Yunho gülerek sırtını dolabına yaslayarak yandan bana baktı. "San, San, San..." dedi ismimden tekerleme oluşturarak. "Onun ne kadar kötü olabileceğini bilmiyorsun."
"Çünkü anlatmıyorsun," diyerek onu suçladığımda dolabına yaslanmayı kesti. Dolabımı toparlayarak kapağını kapattım.

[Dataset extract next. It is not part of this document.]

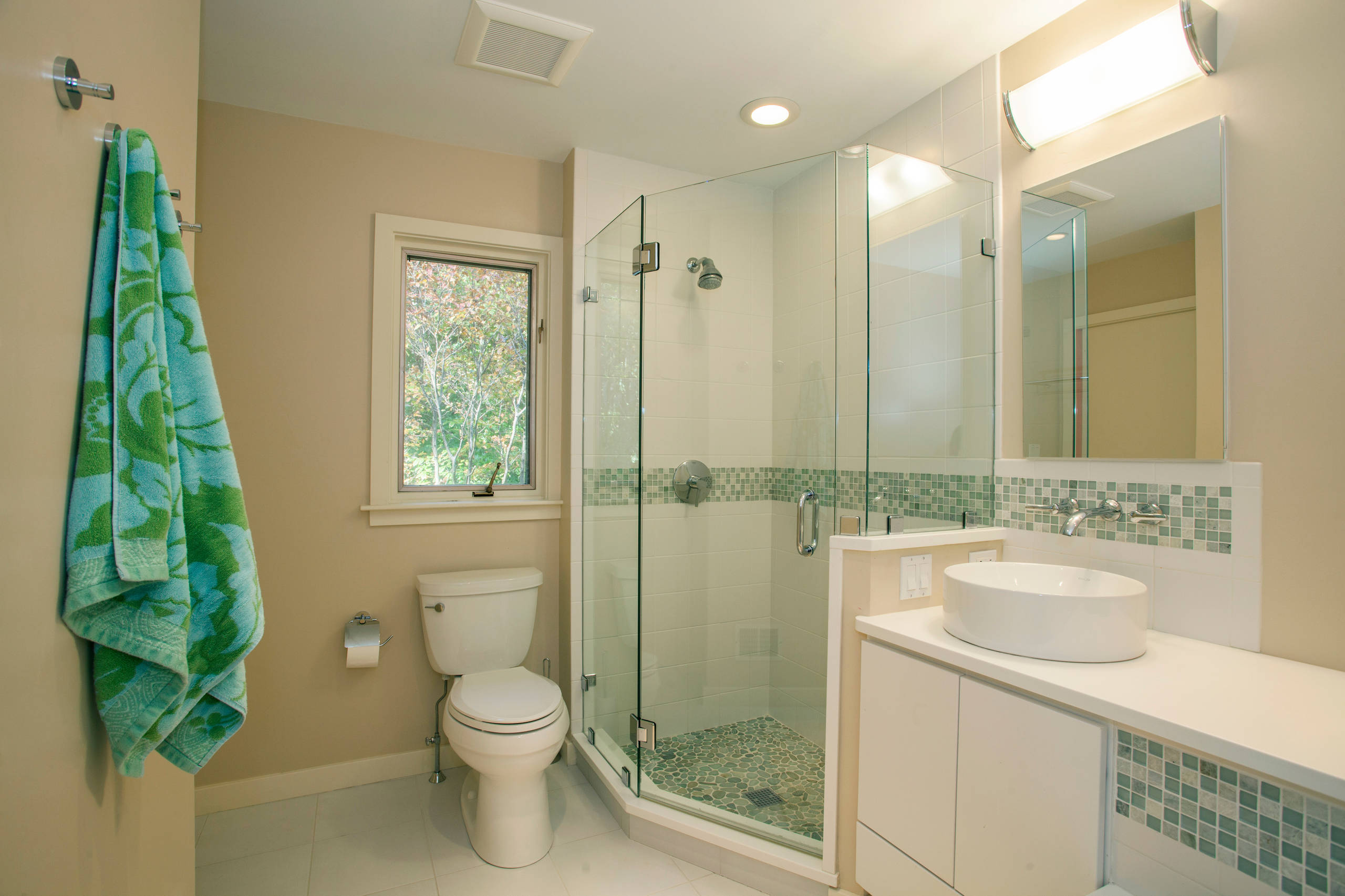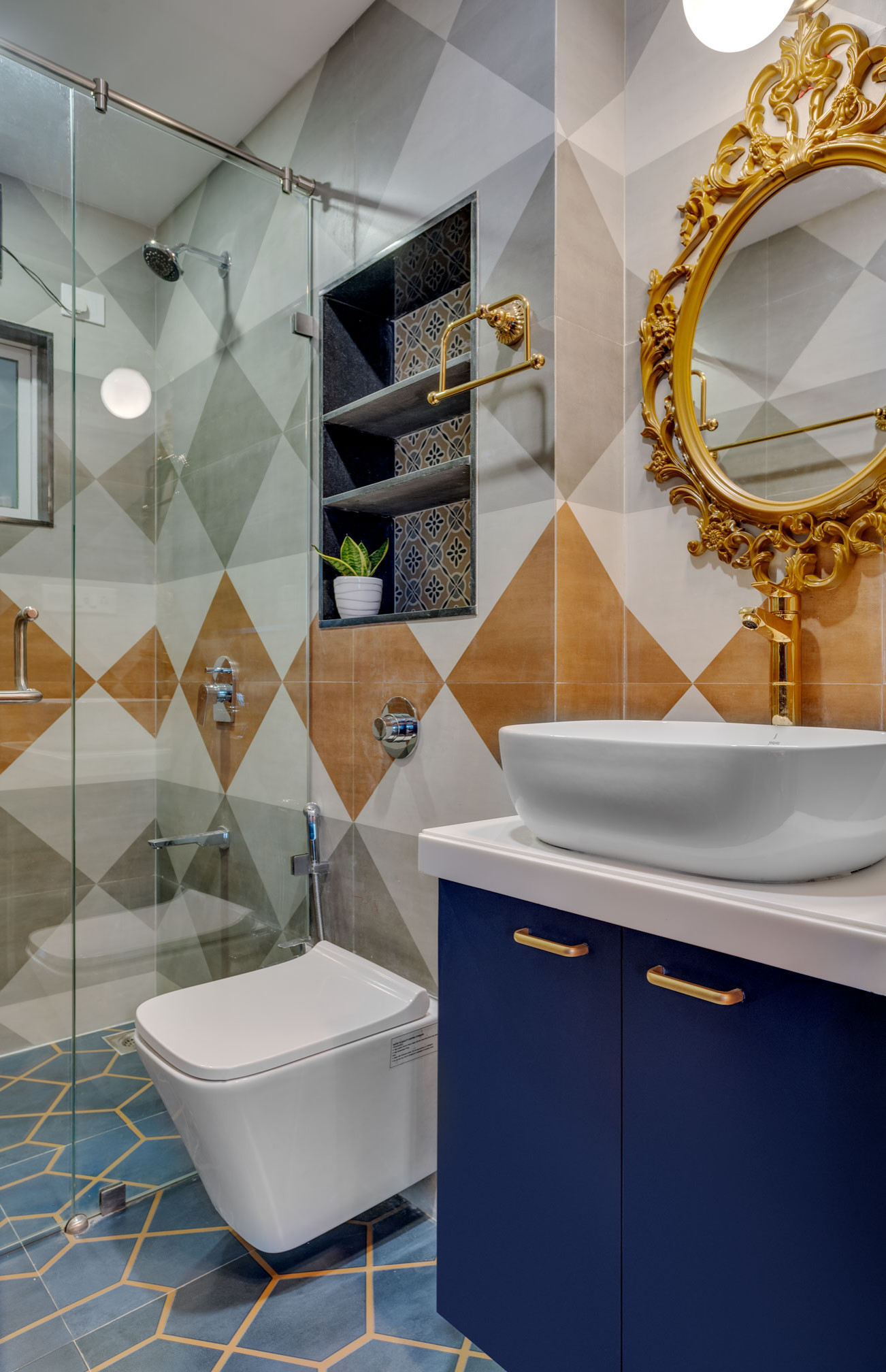 - Go for a glass partition between the shower area and the dry area of the bathroom as it allows light to pass and makes the bathroom feel more spacious.

"Haklısın," dedi kendi kendisine konuşuyormuş gibi. "Anlatacağım ama..." Gözleri arkamda bir noktaya odaklandığında dudakları kıvrıldı, yüzüne yerleşen imalı gülümsemeye tamamen bıkkın bir tavırla karşılık verdim. "Sanırım senin ilgilenmen gereken başka bir şey var." Kaşlarımı çatarak arkama döndüğümde duvara yaslanarak beni izleyen Seonghwa'yla karşılaştım, yüzünde öyle güzel bir ifadeyle beni izliyordu ki ona bakmaktan kendimi alamıyordum.
"Yunho," dediğimde mırıldanarak cevap verdi. "Ben gidiyorum."
Bunu bekliyormuş gibi beni arkamdan ittiğinde ona kısa bir bakış attım, yüzünde desteklediğini belirten gülümsemesiyle, "Git," dedi. Bende gülümseyerek dolabımı kilitleyip Seonghwa'ya doğru yürümeye başladım, benim geldiğimi gördüğünde duvara yaslanmayı kesti.
Yanına geldiğimde elini bana doğru uzattı, eline şaşkın bir şekilde bakarak öylece karşısında durdum. "Hadi, gel," dedi bileğimden tutarak. Beni yanına çekerek bileğimi bıraktı, birlikte koridorda yürümeye başladığımızda birkaç öğrencinin Seonghwa'ya bakarak fısıldadığını gördüm. Seonghwa onları umursamadan başını çevirip gözlerini üzerime sabitledi. "Yarın size dersim var ve seninle hiç konunu çalışmadık. Hâlâ nasıl bir oyun sergilememiz gerketiğini bilmiyoruz."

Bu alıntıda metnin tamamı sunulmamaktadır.